Mais uma audiência Pública discute a utilização do REP


Por: SINAIT
Edição: SINAIT
06/04/2011



Mais uma audiência pública discutiu a utilização do Registro do Ponto Eletrônico – REP, nesta quarta-feira 6,  na Comissão de Desenvolvimento Econômico, Indústria e Comércio, da Câmara dos Deputados, em Brasília.

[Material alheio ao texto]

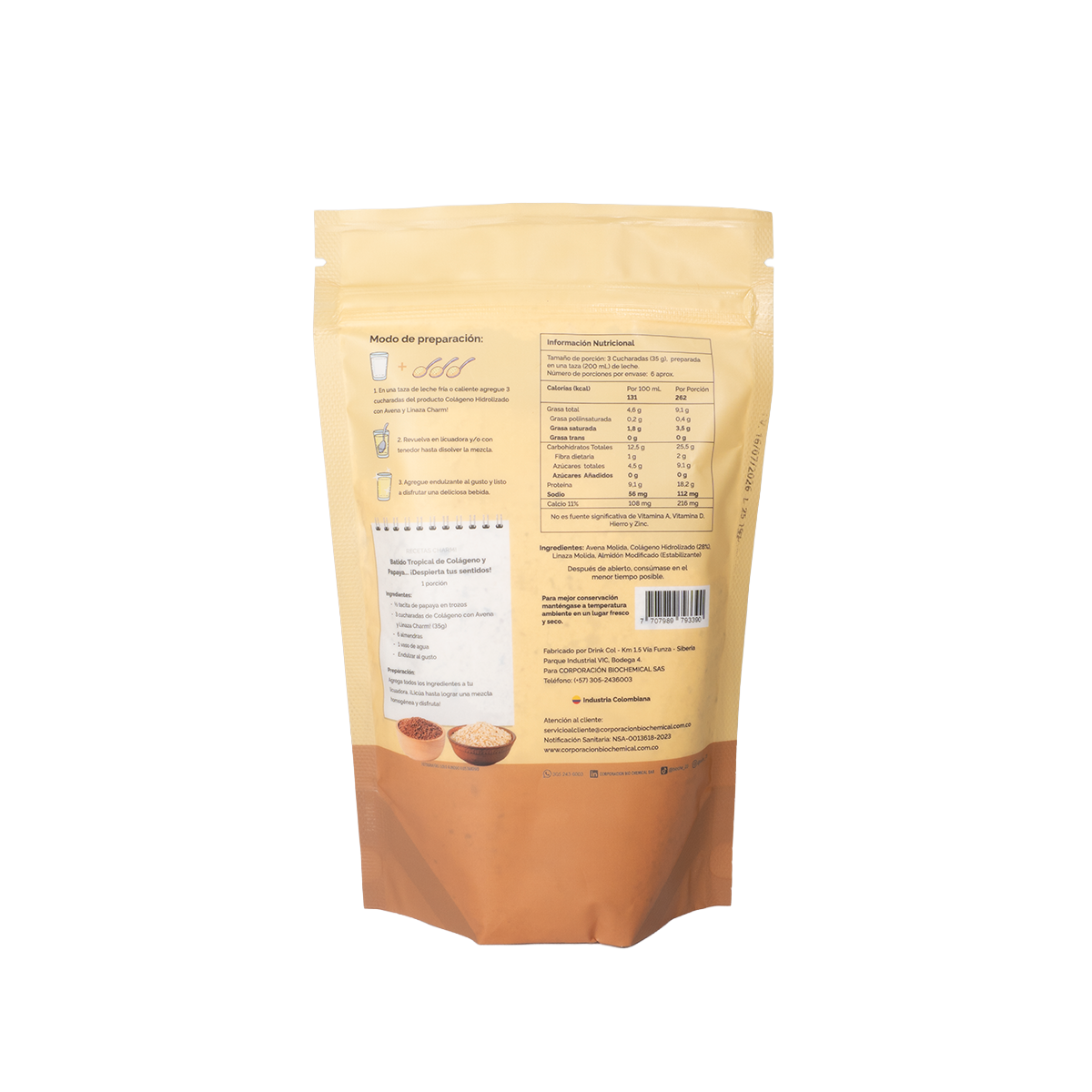 COMPOSICIÓN: Avena Molida, Colágeno Hidrolizado y Linaza.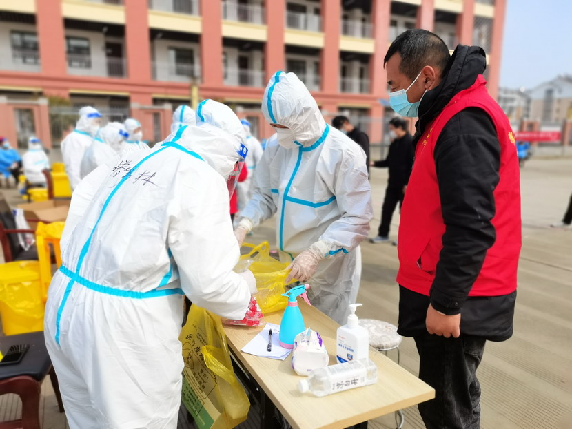 夜里9点40分,昌圩临时党支部抗疫工作群里信息不断:“同志们,刚接社区紧急通知,明天要进行第五轮核酸检测,还没有睡的同志们请到社区紧急集合,又增加两个检测点,抓紧去建点摆台。” “霍正钢收到、苏玲收到、秦黎明收到、朱文健收到、邱荣滨收到、于洪亮收到……”,“好,晚上温度比较低,请大家穿暖和一点,10点社区准时集合。”昌圩临时党支部书记李明发完最后一条信息,穿好马甲,戴上口罩,出发下楼。

Editada em 2009, a Portaria 1.510 do Ministério do Trabalho e Emprego – MTE, que trata do REP, deveria entrar em vigor no dia 1º de março de 2010, mas foi adiada por duas vezes. Os sucessivos adiamentos são provocados pelo empresariado, que alega aumento de gastos com a compra dos novos equipamentos, incapacidade de trabalhadores analfabetos de se adaptarem ao novo modelo, entre outras reclamações.

 

Depois de escutar o empresariado, na audiência desta quarta-feira, a secretária de Inspeção do Trabalho, Vera Albuquerque, disse que “quero garantir a vocês que estamos ouvindo todas as áreas, mas é essencial a adoção do registro de ponto que não permita as fraudes”.

 

De acordo com a secretária, a maioria das reclamações recebidas pelo MTE é sobre o controle da jornada de trabalho. Ela destacou que as novas regras foram criadas com base nas constatações de fraudes feitas pela Fiscalização do Trabalho, nos processos acumulados na Justiça do Trabalho e nas denúncias recebidas pelo Ministério Público do Trabalho. 

 

A Secretária ainda apresentou dados que revelam que, no Brasil, o preço das máquinas do REP gira em torno de R$  1.300, o que não gera tanto custo como alegam os empresários. Além de já existir no mercado 115 modelos, disponibilizados por 28 fabricantes de REP. Também já são 250 os fabricantes do software.

 

Prejuízos para o trabalhador

 

O juiz da Anamatra Ary Marimom deu exemplo de casos de trabalhadores que têm registros fiéis de suas jornadas de trabalho como também daqueles que não têm sequer como no fim do mês conferir suas horas trabalhadas. “A Justiça do Trabalho vivencia esta realidade, neste sentido, é necessário estabelecer regras claras e não permitir que o trabalhador saia prejudicado”, explicou.

 

“É preciso emancipar os trabalhadores, que são capazes de construir edifícios e consertar máquinas modernas. Não é admissível, sob o pretexto do analfabetismo, inibir um sistema de controle de ponto, sob a alegação de que eles não são capazes de entender”, disse o juiz contestando o ponto de vista de empregadores que alegaram que no meio rural a aplicação do REP é inviável devido ao analfabetismo da maioria dos trabalhadores.

 

Dados da RAIS revelam que 700 mil empresas, em todo o Brasil, já utilizam o ponto eletrônico, mas algumas ainda não compraram o complemento, que é a impressora para imprimir o comprovante que fica com o trabalhador. Pelo novo sistema, cada vez que o trabalhador registrar o ponto a máquina vai emitir um comprovante em papel reciclável, documento que poderá constituir-se em prova caso ele precise recorrer à Justiça.

 

Em geral, as fraudes constatadas causam prejuízos aos trabalhadores, ao atingir sua remuneração, e permitir a sonegação de impostos. Milhares de processos judiciais correm hoje na Justiça do Trabalho por conta de fraudes em sistemas de ponto eletrônico.

 

O vice-presidene de Normatização Técnica e Assuntos Legais do SINAIT, Sylvio Barone, participou da audiência pública representando a entidade.

 

 

Confira as principais fraudes constatadas por AFTs no registro das horas trabalhadas:

 

- acesso posterior às marcações efetuadas, com o objetivo de alterá-las ou excluí-las;

 

- bloqueio de marcações fora dos horários permitidos pelo empregador (o empregador impede registro do ponto a partir de determinada hora);

 

- batidas automáticas - sistemas de ponto eletrônico que permitem que independente da ação do trabalhador o ponto registre automaticamente o horário do início e do fim da jornada;

 

- fixação de batidas automáticas com minutos a mais ou a menos descaracterizando o “ponto britânico”;

 

- exclusão do banco de horas.

 

Os AFTs constataram ainda outros tipos de fraudes, como o envio de dados para o exterior para que fossem alterados e inviabilizar a conferência pela fiscalização.